From the line with "Somewhat further along" to the line with "間もなく始まる新たな学年のス", retype each line exactly as it stands in the records below, but skip the pictures.
*** Input records Section Begins ***
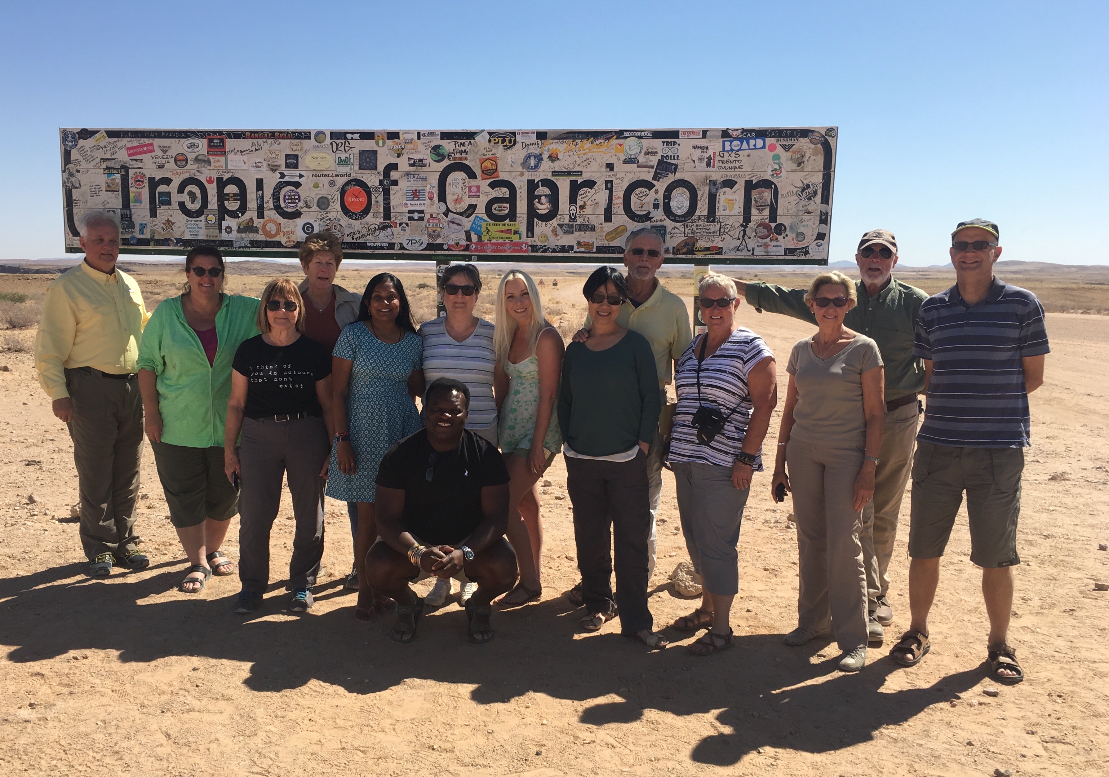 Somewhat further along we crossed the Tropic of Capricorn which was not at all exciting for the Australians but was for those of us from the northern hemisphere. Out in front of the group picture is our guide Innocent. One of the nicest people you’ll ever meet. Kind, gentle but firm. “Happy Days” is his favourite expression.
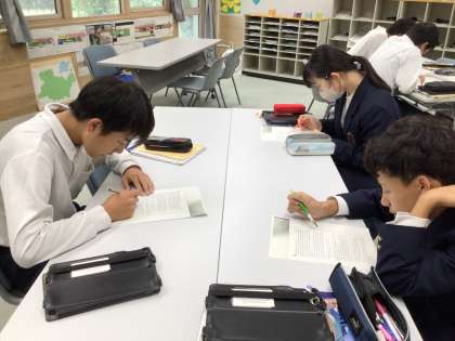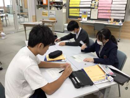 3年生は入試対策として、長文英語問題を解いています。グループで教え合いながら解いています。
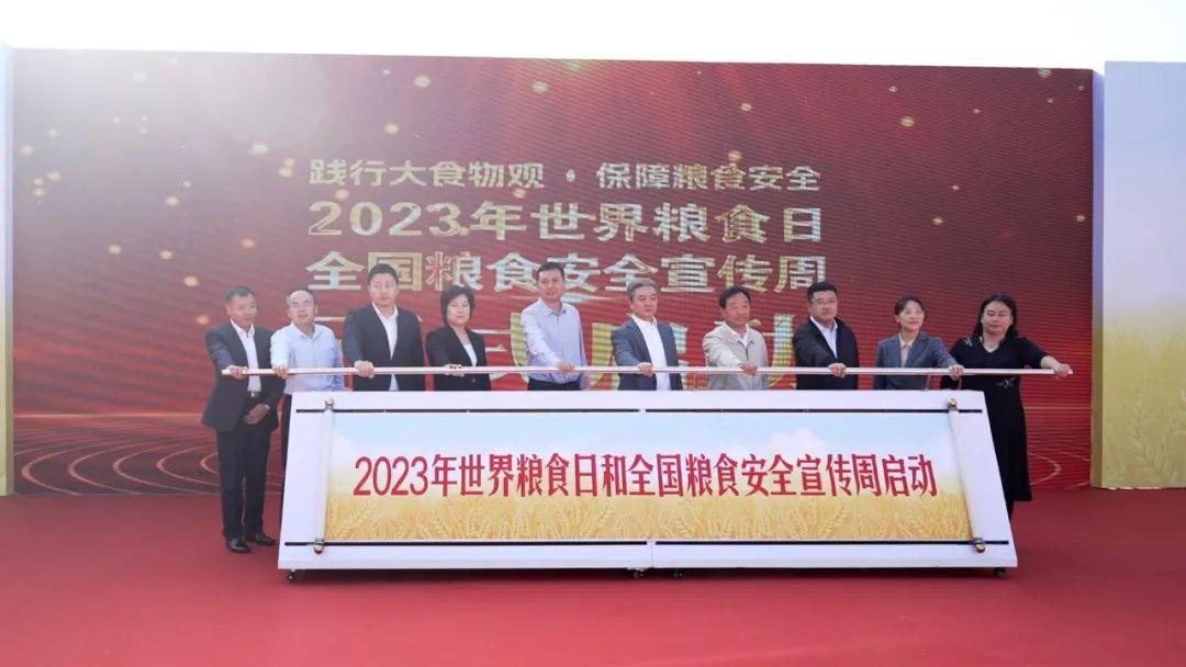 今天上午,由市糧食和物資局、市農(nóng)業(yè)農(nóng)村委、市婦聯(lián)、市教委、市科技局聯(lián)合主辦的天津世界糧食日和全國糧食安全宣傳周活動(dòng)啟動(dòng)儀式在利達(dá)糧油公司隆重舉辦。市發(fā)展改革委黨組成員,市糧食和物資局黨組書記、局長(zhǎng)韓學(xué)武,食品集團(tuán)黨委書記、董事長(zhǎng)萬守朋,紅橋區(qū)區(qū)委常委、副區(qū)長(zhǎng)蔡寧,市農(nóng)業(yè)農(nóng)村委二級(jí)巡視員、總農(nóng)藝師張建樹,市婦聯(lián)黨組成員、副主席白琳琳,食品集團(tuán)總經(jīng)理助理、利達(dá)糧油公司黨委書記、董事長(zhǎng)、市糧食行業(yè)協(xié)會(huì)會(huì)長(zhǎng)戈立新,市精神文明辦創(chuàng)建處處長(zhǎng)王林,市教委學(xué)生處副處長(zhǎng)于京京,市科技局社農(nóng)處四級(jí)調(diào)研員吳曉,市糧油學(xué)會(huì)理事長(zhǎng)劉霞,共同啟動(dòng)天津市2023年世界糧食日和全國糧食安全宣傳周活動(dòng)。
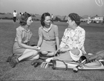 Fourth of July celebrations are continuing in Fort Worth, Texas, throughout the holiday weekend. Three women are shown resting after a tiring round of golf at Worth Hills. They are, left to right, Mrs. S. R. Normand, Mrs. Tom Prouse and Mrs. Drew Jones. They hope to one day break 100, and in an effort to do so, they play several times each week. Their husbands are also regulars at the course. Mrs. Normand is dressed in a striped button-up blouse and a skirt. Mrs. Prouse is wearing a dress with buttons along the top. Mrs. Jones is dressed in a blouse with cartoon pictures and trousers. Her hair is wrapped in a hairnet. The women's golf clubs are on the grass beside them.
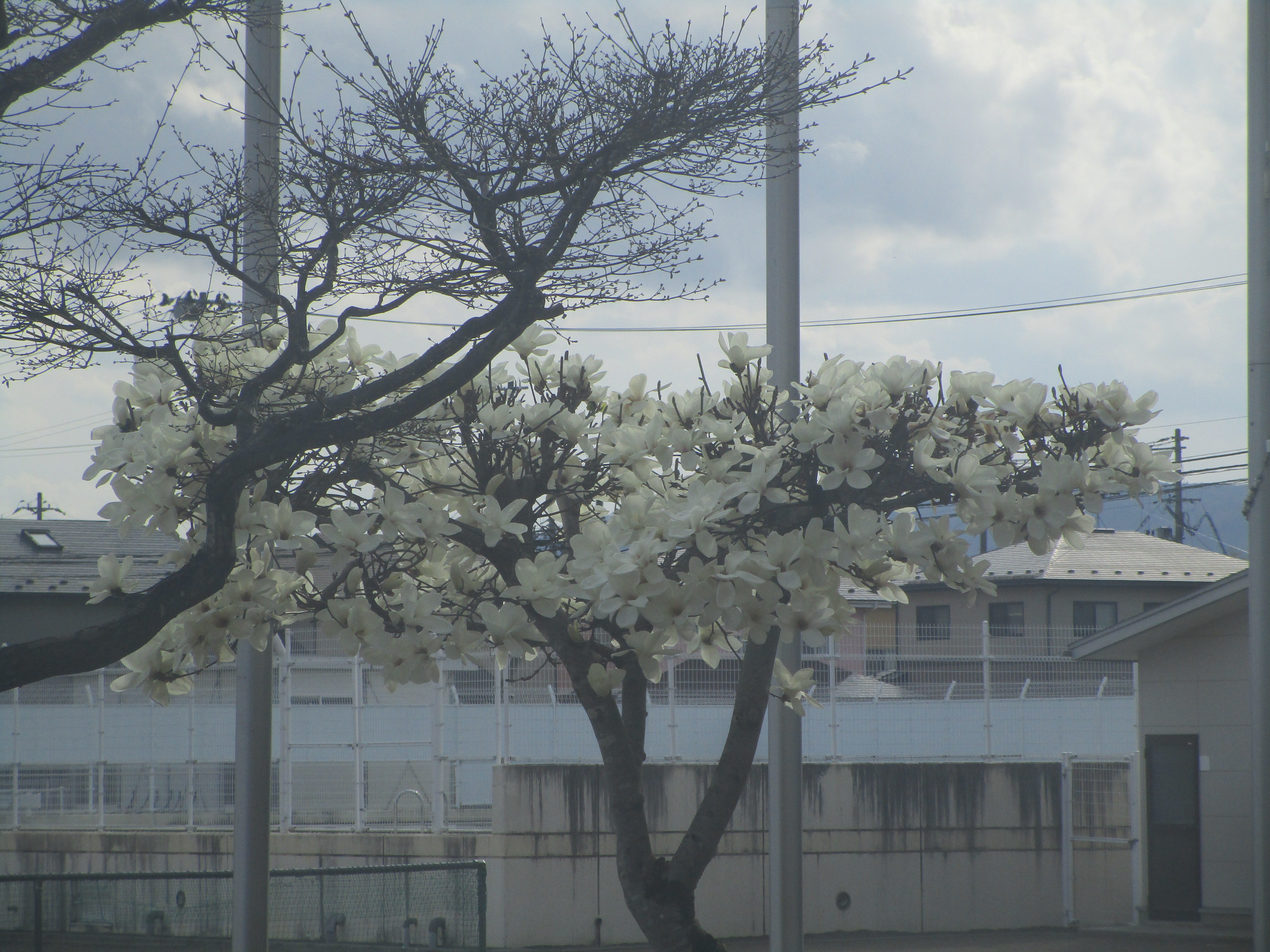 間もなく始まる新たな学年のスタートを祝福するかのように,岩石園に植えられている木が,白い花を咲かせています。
*** Input records Section Ends ***
*** Input records Section Begins ***
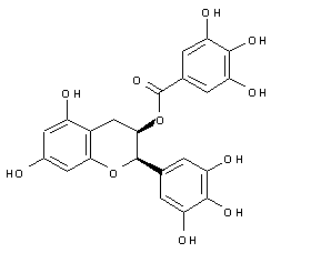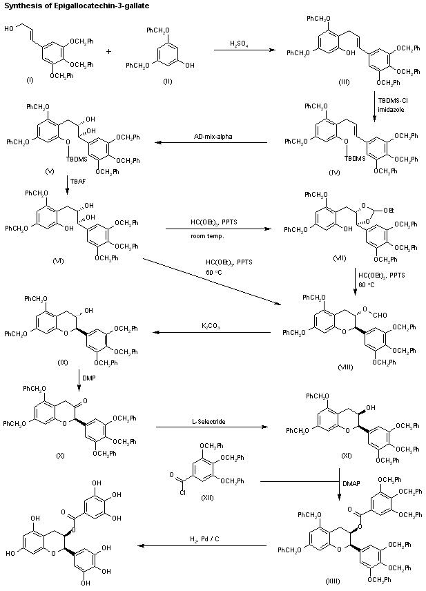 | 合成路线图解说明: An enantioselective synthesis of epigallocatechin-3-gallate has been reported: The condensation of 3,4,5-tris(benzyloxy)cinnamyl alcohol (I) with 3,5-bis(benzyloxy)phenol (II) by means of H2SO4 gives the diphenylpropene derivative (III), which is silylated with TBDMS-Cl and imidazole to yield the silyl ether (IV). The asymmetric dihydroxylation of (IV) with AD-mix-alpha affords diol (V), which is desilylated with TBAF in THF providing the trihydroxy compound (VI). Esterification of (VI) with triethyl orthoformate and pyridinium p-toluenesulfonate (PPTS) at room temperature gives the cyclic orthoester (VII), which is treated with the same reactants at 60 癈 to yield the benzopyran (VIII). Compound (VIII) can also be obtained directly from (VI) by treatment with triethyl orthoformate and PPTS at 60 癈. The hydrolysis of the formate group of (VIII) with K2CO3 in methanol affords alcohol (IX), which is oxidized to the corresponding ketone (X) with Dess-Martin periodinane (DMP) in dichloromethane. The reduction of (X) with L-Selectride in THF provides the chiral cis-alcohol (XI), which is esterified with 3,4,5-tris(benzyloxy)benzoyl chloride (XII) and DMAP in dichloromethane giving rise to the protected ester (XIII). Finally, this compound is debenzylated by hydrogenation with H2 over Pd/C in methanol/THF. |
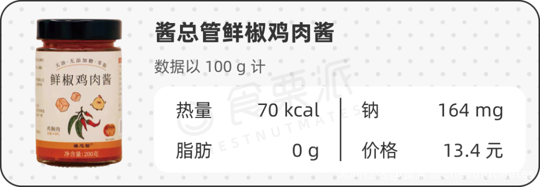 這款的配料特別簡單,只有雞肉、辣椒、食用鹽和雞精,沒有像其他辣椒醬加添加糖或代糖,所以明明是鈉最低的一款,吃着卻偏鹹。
*** Input records Section Ends ***
*** Input records Section Begins ***
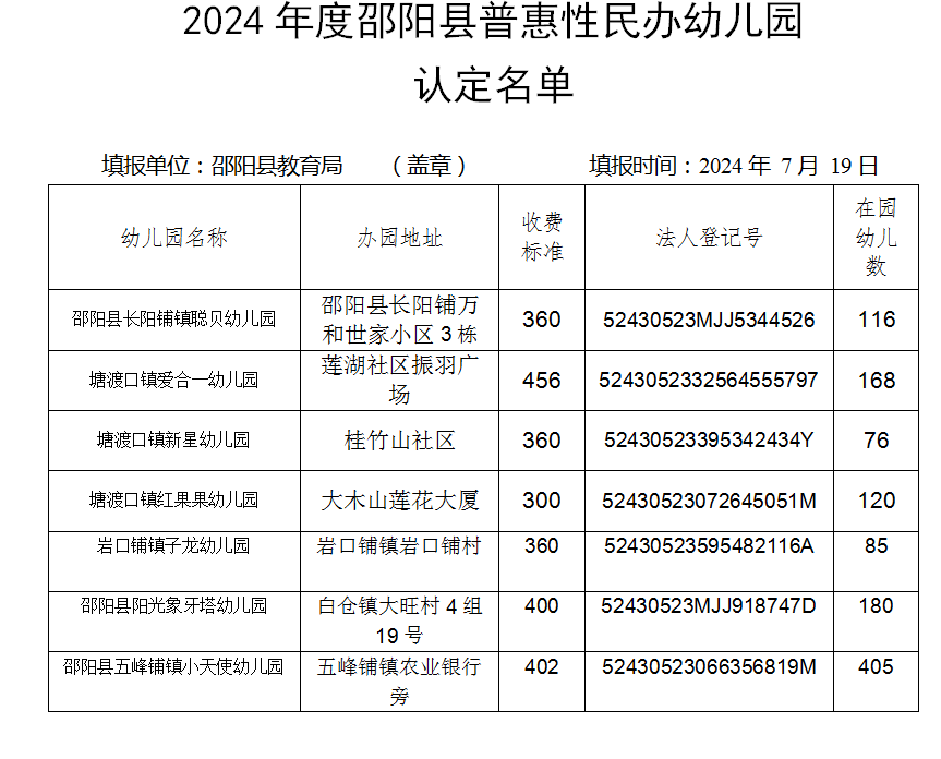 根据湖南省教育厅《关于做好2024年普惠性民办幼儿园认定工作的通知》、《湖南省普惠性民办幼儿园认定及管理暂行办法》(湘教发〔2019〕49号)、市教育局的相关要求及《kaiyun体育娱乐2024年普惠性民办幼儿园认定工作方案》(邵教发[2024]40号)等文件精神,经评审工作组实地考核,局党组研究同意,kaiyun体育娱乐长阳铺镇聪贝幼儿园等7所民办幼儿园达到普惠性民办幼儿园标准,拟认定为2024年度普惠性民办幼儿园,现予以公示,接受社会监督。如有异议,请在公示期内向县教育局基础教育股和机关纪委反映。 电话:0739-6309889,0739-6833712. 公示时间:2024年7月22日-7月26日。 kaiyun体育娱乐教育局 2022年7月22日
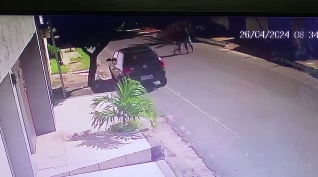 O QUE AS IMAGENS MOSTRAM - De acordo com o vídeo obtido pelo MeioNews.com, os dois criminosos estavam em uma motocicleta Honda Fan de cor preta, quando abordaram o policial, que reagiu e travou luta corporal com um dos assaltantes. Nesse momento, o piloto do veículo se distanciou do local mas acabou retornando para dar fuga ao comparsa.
*** Input records Section Ends ***
[Response area]:
 Somewhat further along we crossed the Tropic of Capricorn which was not at all exciting for the Australians but was for those of us from the northern hemisphere. Out in front of the group picture is our guide Innocent. One of the nicest people you’ll ever meet. Kind, gentle but firm. “Happy Days” is his favourite expression.
 3年生は入試対策として、長文英語問題を解いています。グループで教え合いながら解いています。
 今天上午,由市糧食和物資局、市農(nóng)業(yè)農(nóng)村委、市婦聯(lián)、市教委、市科技局聯(lián)合主辦的天津世界糧食日和全國糧食安全宣傳周活動(dòng)啟動(dòng)儀式在利達(dá)糧油公司隆重舉辦。市發(fā)展改革委黨組成員,市糧食和物資局黨組書記、局長(zhǎng)韓學(xué)武,食品集團(tuán)黨委書記、董事長(zhǎng)萬守朋,紅橋區(qū)區(qū)委常委、副區(qū)長(zhǎng)蔡寧,市農(nóng)業(yè)農(nóng)村委二級(jí)巡視員、總農(nóng)藝師張建樹,市婦聯(lián)黨組成員、副主席白琳琳,食品集團(tuán)總經(jīng)理助理、利達(dá)糧油公司黨委書記、董事長(zhǎng)、市糧食行業(yè)協(xié)會(huì)會(huì)長(zhǎng)戈立新,市精神文明辦創(chuàng)建處處長(zhǎng)王林,市教委學(xué)生處副處長(zhǎng)于京京,市科技局社農(nóng)處四級(jí)調(diào)研員吳曉,市糧油學(xué)會(huì)理事長(zhǎng)劉霞,共同啟動(dòng)天津市2023年世界糧食日和全國糧食安全宣傳周活動(dòng)。
 Fourth of July celebrations are continuing in Fort Worth, Texas, throughout the holiday weekend. Three women are shown resting after a tiring round of golf at Worth Hills. They are, left to right, Mrs. S. R. Normand, Mrs. Tom Prouse and Mrs. Drew Jones. They hope to one day break 100, and in an effort to do so, they play several times each week. Their husbands are also regulars at the course. Mrs. Normand is dressed in a striped button-up blouse and a skirt. Mrs. Prouse is wearing a dress with buttons along the top. Mrs. Jones is dressed in a blouse with cartoon pictures and trousers. Her hair is wrapped in a hairnet. The women's golf clubs are on the grass beside them.
 間もなく始まる新たな学年のスタートを祝福するかのように,岩石園に植えられている木が,白い花を咲かせています。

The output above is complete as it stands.